The only problems associated with taking 5-HTP would be, in theory, those that would result from improperly increasing serotonin. So you must be sure that your doctor knows you're taking it, especially if you're taking serotonin-altering drugs, such as Paxil or the other SSRIs.

MEMBER QUESTION:
What is the difference between SAM-e and 5-HTP? Which is more effective for depression?

DORFMAN:
It depends on what the chemical basis of the depression is. Unfortunately, our technology for unraveling that is somewhat primitive, so mostly we use trial and terror. So 5-HTP works better for some, and SAM-e will work better for others.

MEMBER QUESTION:
Could you explain further your comments about taking raw materials to improve production of estrogen, etc.?

DORFMAN:
Estrogen is made from cholesterol, and most people are trying not to eat too many cholesterol-laden foods these days, but they are built on fats. So balancing fats may be useful in optimizing estrogen production later in life.

The adrenal glands are responsible for secondary estrogen production after menopause and they produce steroid hormones also, but many women in our culture stress their adrenal glands with busy, stressful lives. Sometimes this becomes more noticeable as we age and these glands aren't as flexible any more.

MEMBER QUESTION:
Do you recommend a person have a blood test that would specifically measure vitamin and mineral levels and check for deficiencies? It seems it is only when one has symptoms that one looks to supplement one's diet. I would like to know where I stand in order to minimize any nutritional deficiencies.

DORFMAN:
If only there were a test that could do that easily we'd all be ordering it, but there isn't a simple test. Part of the reason is because of the wide range of bio-individuality. So a level that would be normal for one person might be too low for the next.
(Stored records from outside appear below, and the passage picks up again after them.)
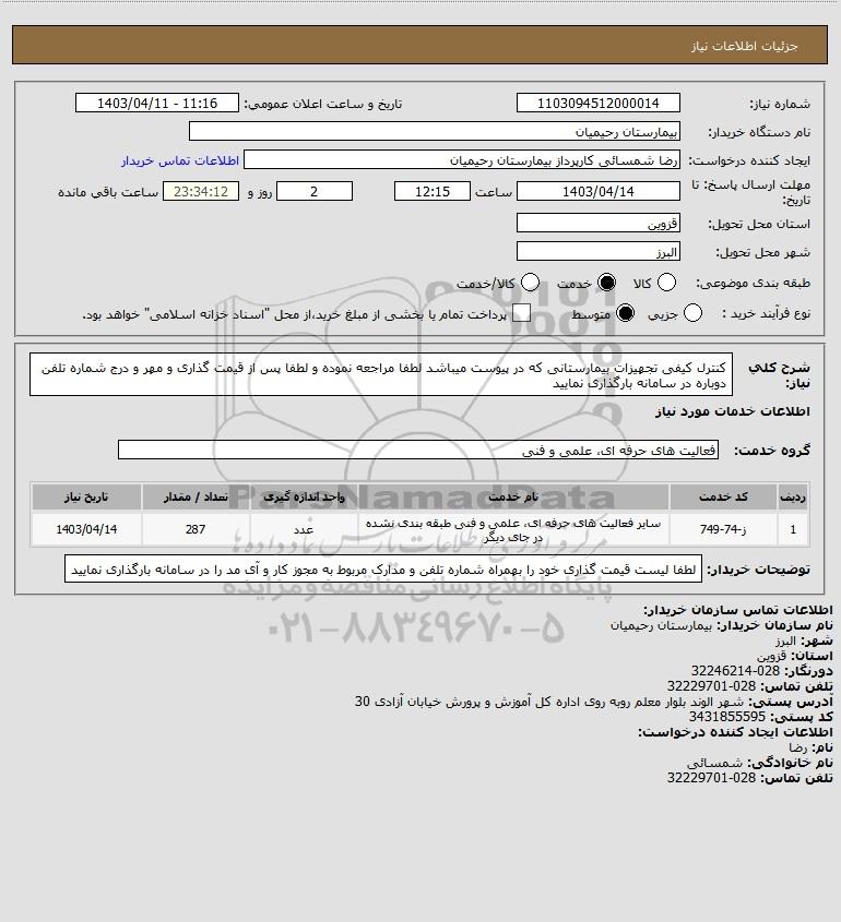 شرح کلی نیاز: کنترل کیفی تجهیزات بیمارستانی که در پیوست میباشد لطفا مراجعه نموده و لطفا پس از قیمت گذاری و مهر و درج شماره تلفن دوباره در سامانه بارگذاری نمایید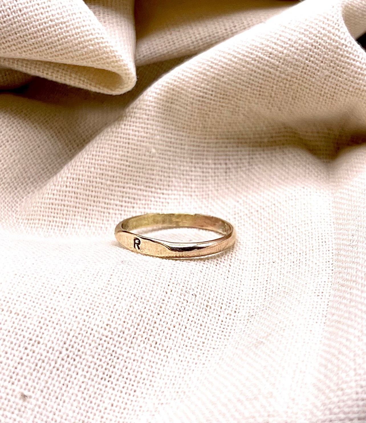 A best seller, the Initial Ring is personalized to you. Either worn stacked with additional rings or alone, the band is comfortable for a 24 hour wear.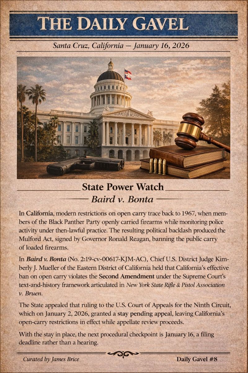 Issue #8 - State Power Watch: Baird v Bonta (open carry)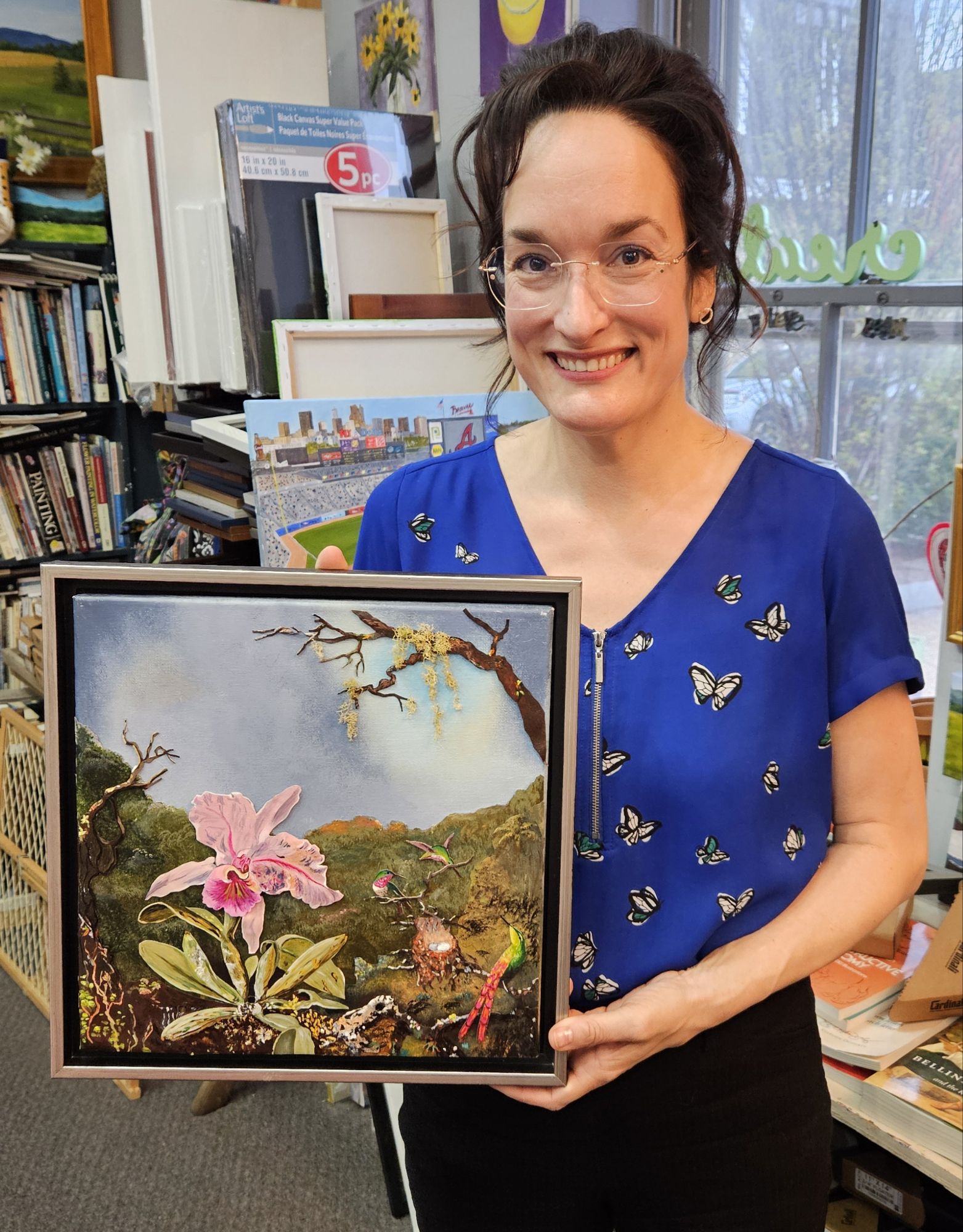 One of our Wednesday evening art students, Leslie, reimagined Martin Johnson Heade’s Cattleya Orchid and Three Hummingbirds from 1871 and made it her own by recreating it into a collage piece. She painted each small piece seperately and then adhered it to a canvas raising it slightly. The effect is amazing! She even used small bits of moss to dangle from the upper trees. Great work Leslie. The patience you exhibited really paid off. It’s fabulous!

The best vitamin tests are expensive, so to find an inexpensive broad test to look at a number of factors is pretty tough. Besides, those tests tend to only find severe deficiencies, and the question is whether you're trying to treat severe deficiency or optimize health. The "optimize health" situation is much trickier, but hopefully that's where most of us are operating. Most of us, at worst, have marginal deficiencies and they're hard to find with even the best tests. So that's why general nutritional supplements can be so useful.

MEMBER QUESTION:
I read where a taking garlic supplement is good for high blood pressure and lowering your cholesterol. Does it really work?

DORFMAN:
There were actually a number of studies that found garlic could be useful in part of a balanced program for controlling hypertension and lowering cholesterol. It's certainly safe enough.

MODERATOR:
Do you have any final words on choosing and using supplements for us, Kelly

DORFMAN:
I think that supplements can be used safely by most people without undue concern. You can make yourself toxic with nutritional supplements, but generally you have to work at it. The most important concern is the potential interaction with the more obscure supplements such as 5-HTP and medication.

One other important piece of information: If you are taking fish oils to lower heart disease risk you need to stop them one week to 10 days before any surgery, because they tend to increase bleeding time, which is good for lowering heart attack risk, but bad when you're recovering from surgery. They can be resumed 10 days after surgery if it's OK with your doctor.

MODERATOR:
Thanks to Kelly Dorfman MS, LN, LD, for sharing her expertise with us.